→ **Data segment**
--------------------

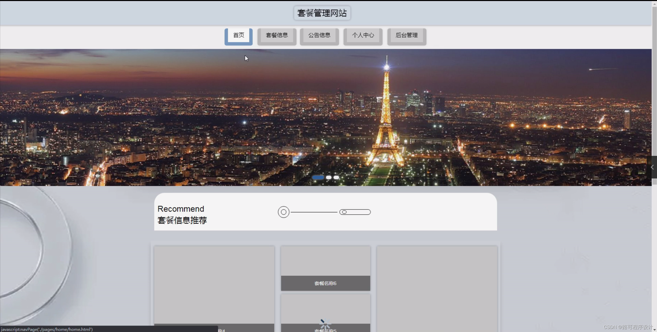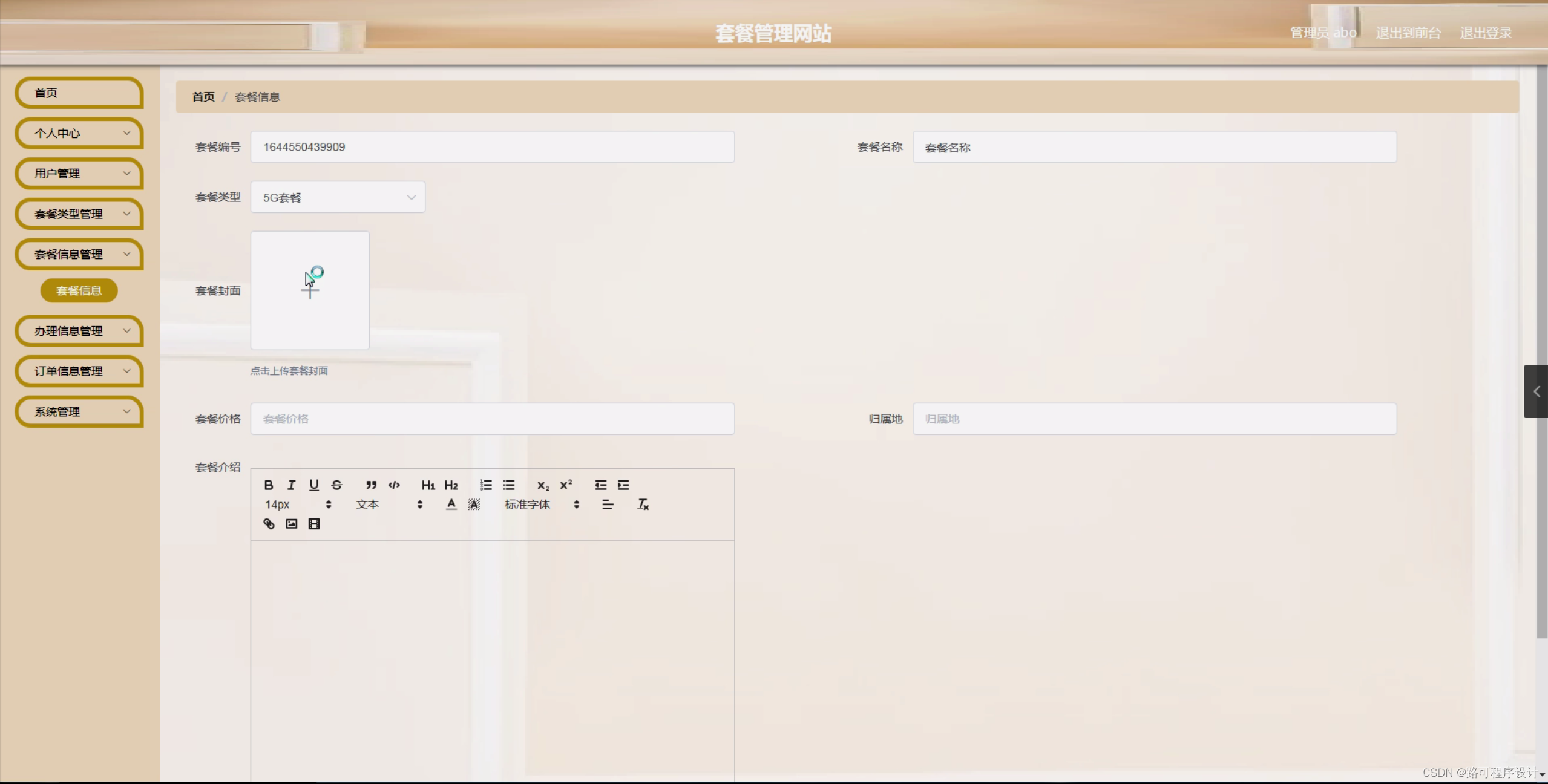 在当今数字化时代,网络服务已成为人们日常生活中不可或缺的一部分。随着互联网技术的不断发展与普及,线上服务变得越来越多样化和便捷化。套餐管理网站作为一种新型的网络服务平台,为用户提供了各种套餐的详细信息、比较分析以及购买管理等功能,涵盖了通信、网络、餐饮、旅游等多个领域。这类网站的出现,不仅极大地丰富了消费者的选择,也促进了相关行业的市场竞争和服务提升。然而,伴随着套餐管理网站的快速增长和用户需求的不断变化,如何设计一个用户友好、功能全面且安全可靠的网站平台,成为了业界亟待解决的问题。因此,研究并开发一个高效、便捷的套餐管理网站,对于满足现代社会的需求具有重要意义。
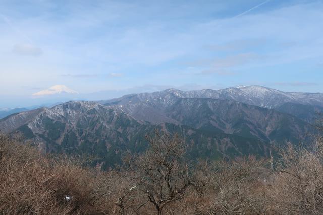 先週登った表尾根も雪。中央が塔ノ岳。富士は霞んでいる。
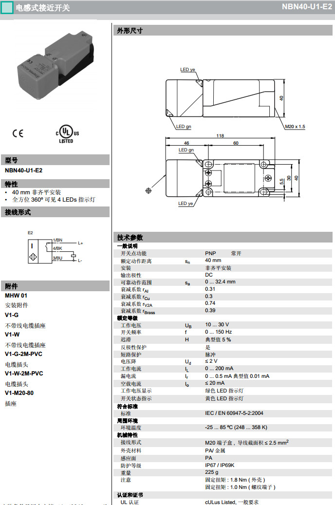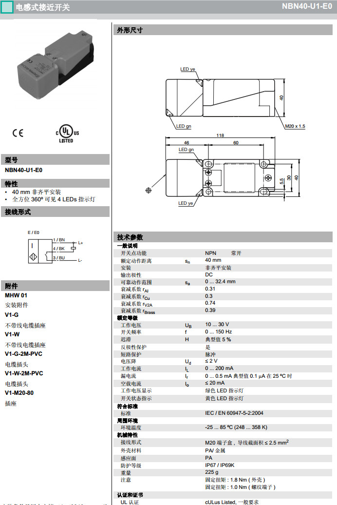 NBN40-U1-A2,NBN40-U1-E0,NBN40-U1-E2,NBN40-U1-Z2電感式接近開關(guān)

--------------------

→ **Requirement**
Reproduce the final stretch of lines exactly: the line containing "先週登った表尾根も雪。中央が塔ノ岳。富士は霞んでいる。" through the last line of the data, both included. Pictures do not belong in the copy.

→ **Written solution**
 先週登った表尾根も雪。中央が塔ノ岳。富士は霞んでいる。
 NBN40-U1-A2,NBN40-U1-E0,NBN40-U1-E2,NBN40-U1-Z2電感式接近開關(guān)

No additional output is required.